Copy out every line of the material below, character for character, apart from the pictures.
::: Data :::
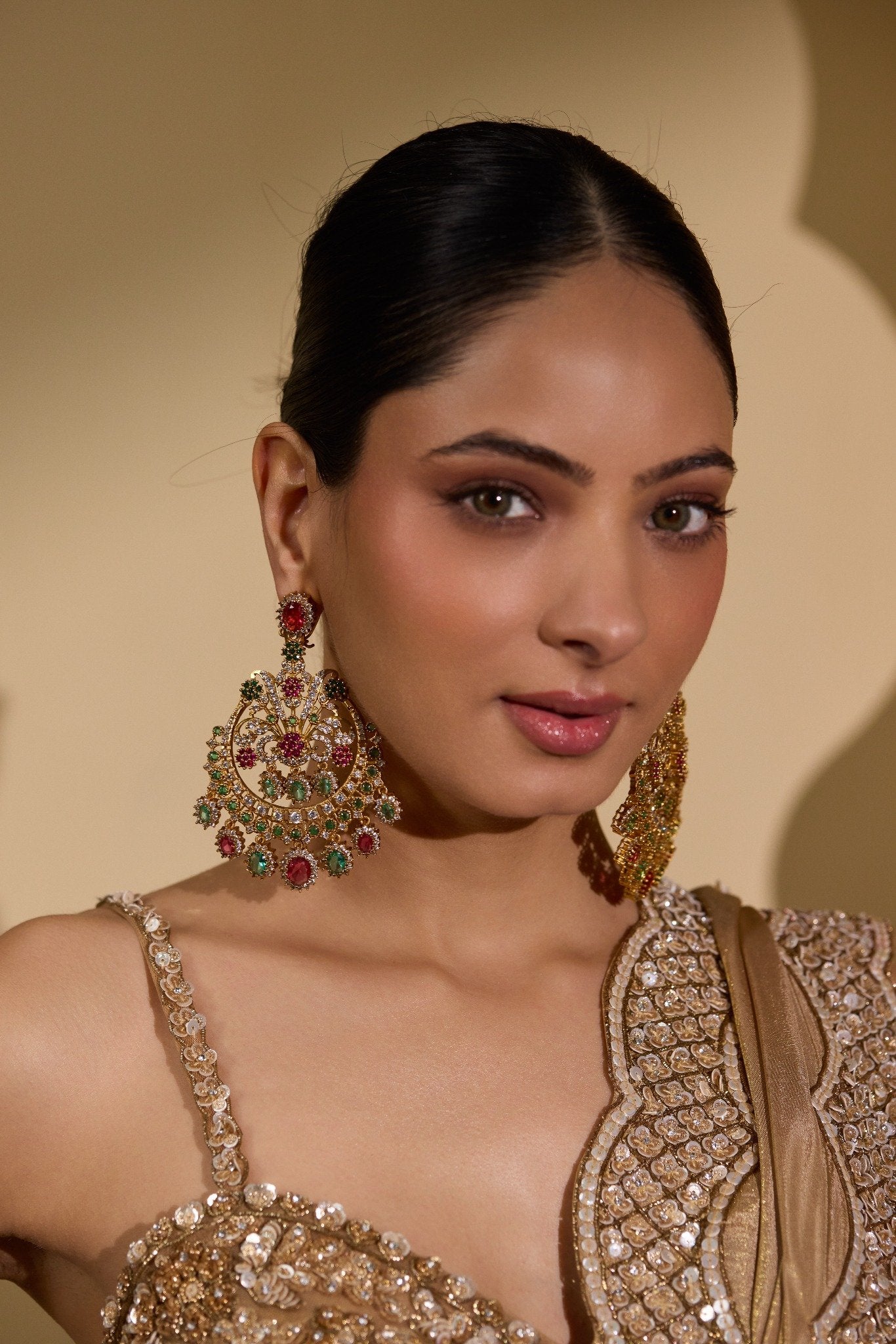Delicately structured yet boldly expressive, these statement earrings are crafted to elevate bridal ensembles, festive finery, and heirloom-inspired looks with effortless grandeur.
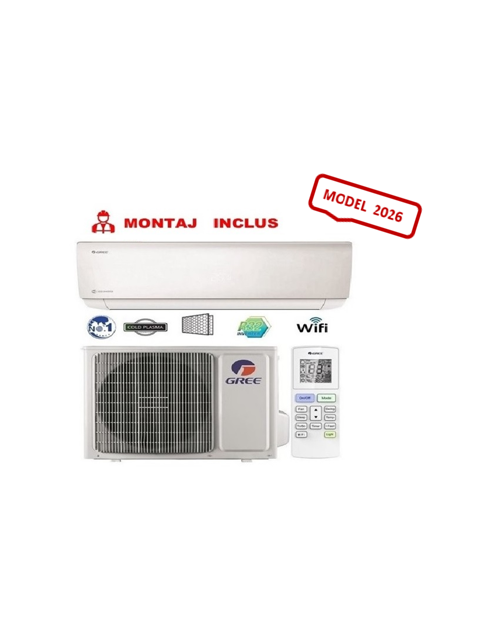 Aparat de aer conditionat Gree Bora A4 Silver GWH09AAAXB-K6DNA4C - INVERTER, 9000 BTU, A++/A+, Wi-Fi
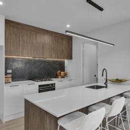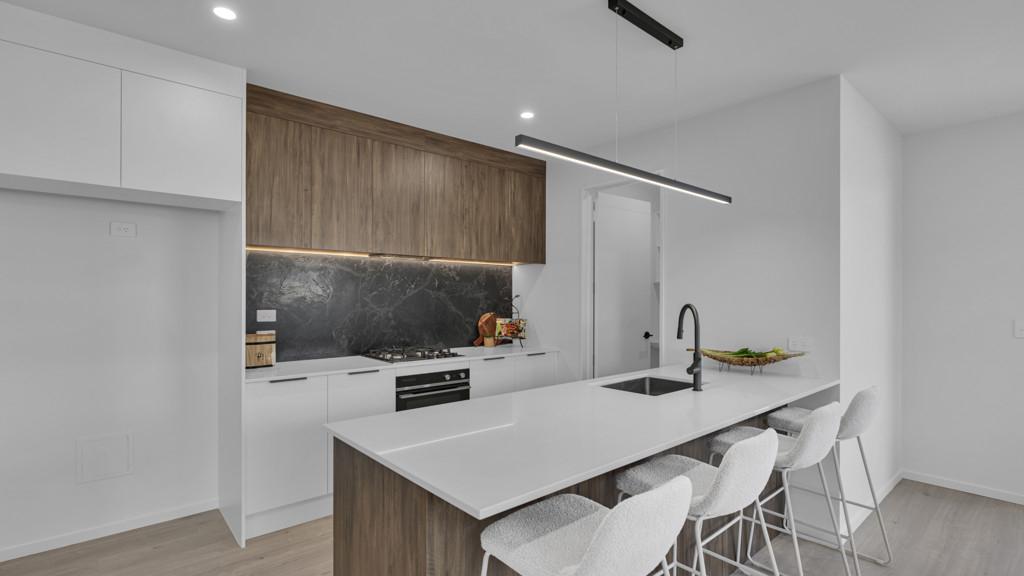 • Designer kitchen with gas cooking, engineered stone benchtop, and premium Fisher & Paykel appliances
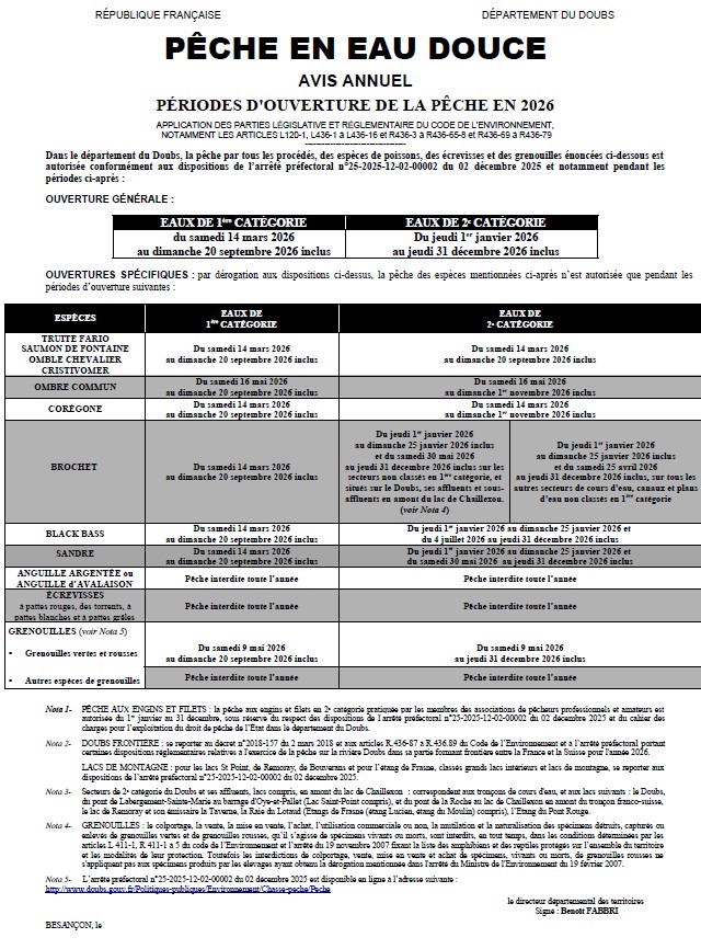 PECHE : Avis annuel périodes d'ouverture de la pêche en 2026
:::
> [Response to this exercise]
Delicately structured yet boldly expressive, these statement earrings are crafted to elevate bridal ensembles, festive finery, and heirloom-inspired looks with effortless grandeur.
 Aparat de aer conditionat Gree Bora A4 Silver GWH09AAAXB-K6DNA4C - INVERTER, 9000 BTU, A++/A+, Wi-Fi
 • Designer kitchen with gas cooking, engineered stone benchtop, and premium Fisher & Paykel appliances
 PECHE : Avis annuel périodes d'ouverture de la pêche en 2026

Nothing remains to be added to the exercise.